When Trump was convicted of 34 felonies by a New York jury, news stories carried the former president’s false claims that the system is “rigged” against him. And they rightly balanced those claims by pointing out that Biden doesn’t control the New York court system; that it was a jury Trump’s lawyers helped to pick that convicted him; and that even the president’s son, Hunter Biden, was being tried in court. (A federal jury convicted him this week.)
All of that is accurate, but in dealing with Trump’s false claims, it isn’t enough.
All it does is put the onus on Biden and the justice system, and it centers the reader’s thinking on Trump’s accusations when, in fact, Trump has his own history of abusing the justice system.
In other words, it wasn’t the whole truth.
As Busiek writes:
Trump pressured FBI Director James Comey in 2017 to drop the criminal case against his ally, National Security Adviser Mike Flynn, over his contacts with Russia. After Comey refused, Trump fired him. Then, Trump's Justice Department, led by Bill Barr, dropped the case even though Flynn had already pleaded guilty to lying to authorities.

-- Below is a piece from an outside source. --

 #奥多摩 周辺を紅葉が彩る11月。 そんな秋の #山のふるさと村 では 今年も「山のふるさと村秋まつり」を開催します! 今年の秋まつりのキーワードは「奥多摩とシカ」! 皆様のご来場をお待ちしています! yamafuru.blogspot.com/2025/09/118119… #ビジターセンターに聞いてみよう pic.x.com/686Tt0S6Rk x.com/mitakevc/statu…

Trump also pardoned a raft of political allies and friends—political fixer Roger Stone; the father of his son-in-law, Jared Kushner; his former campaign manager, Paul Manafort; and political advisor, Steve Bannon.
In addition, Trump told his White House counsel that he wanted to order the Justice Department to investigate Comey and Hillary Clinton. According to news reports at the time, the lawyer rebuffed him.

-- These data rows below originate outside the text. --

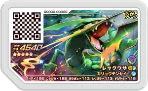 Rayquaza (Japanese: レックウザ Rayquaza) is a Grade 5 Pokémon Ga-Olé disk. It is part of the second Ultra Legend set.
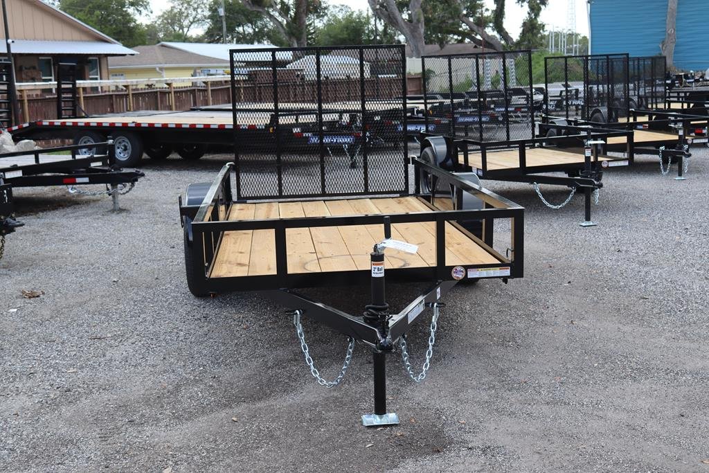 Check out the 2025 Triple Crown 5×10 Utility Trailer at Best Price Trailers. Includes wood deck, LED lights, rear gate, and a 2.75K GVWR. The 2025 Triple Crown 5×10 Utility Trailer is a durable, compact trailer designed for everyday use. It has a 2,750 lb gross vehicle weight rating and a 2,050 lb carrying capacity. Built on an angle steel frame with an A-frame tongue, this trailer features a wood deck, LED lights, and a rear gate for easy loading. It rides on ST205/75R15 radial tires with 5-lug black mod wheels and includes a 2K jack, 2″ A-frame coupler, and four corner tie loops. The trailer is NATM compliant and comes with a spare tire mount for added convenience.
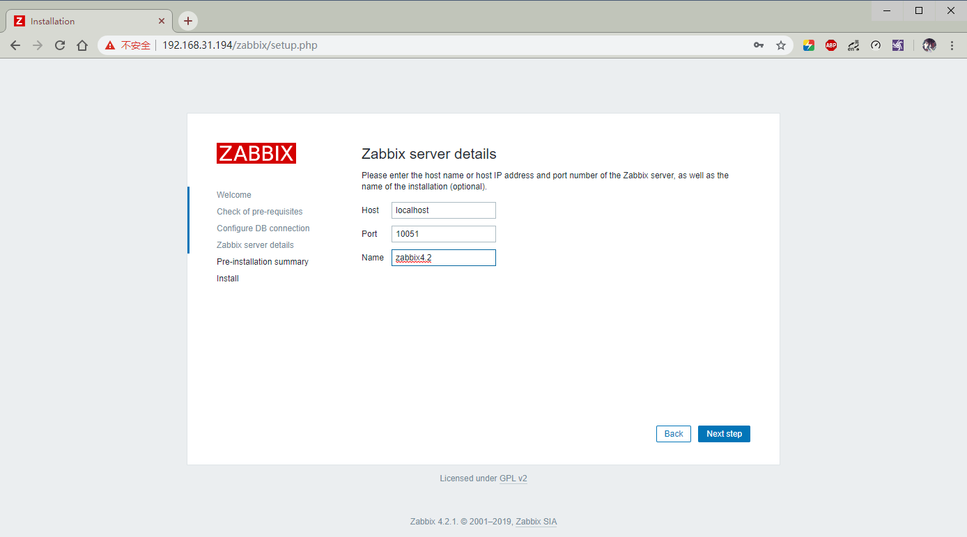 要在 MySQL支持下安装Zabbix前端:

Even today, Trump promises, if elected, he’ll use the Justice Department to go after his enemies.
In assessing Trump’s claim that Biden is “weaponizing” the legal system, all of this is relevant. But in the aftermath of the guilty verdict, it was rarely mentioned.
It’s true that readers want the latest developments in a story. But what they really want is the truth. The whole truth. And the truth is that, today, the rightwing of the political spectrum, led by Trump, has revolutionized the art of lying; they’ve weaponized it. Just as they plan to weaponize the legal system to target their political enemies.
It is vital that the news media counteract this effect with not just the facts, but the truth. The whole truth.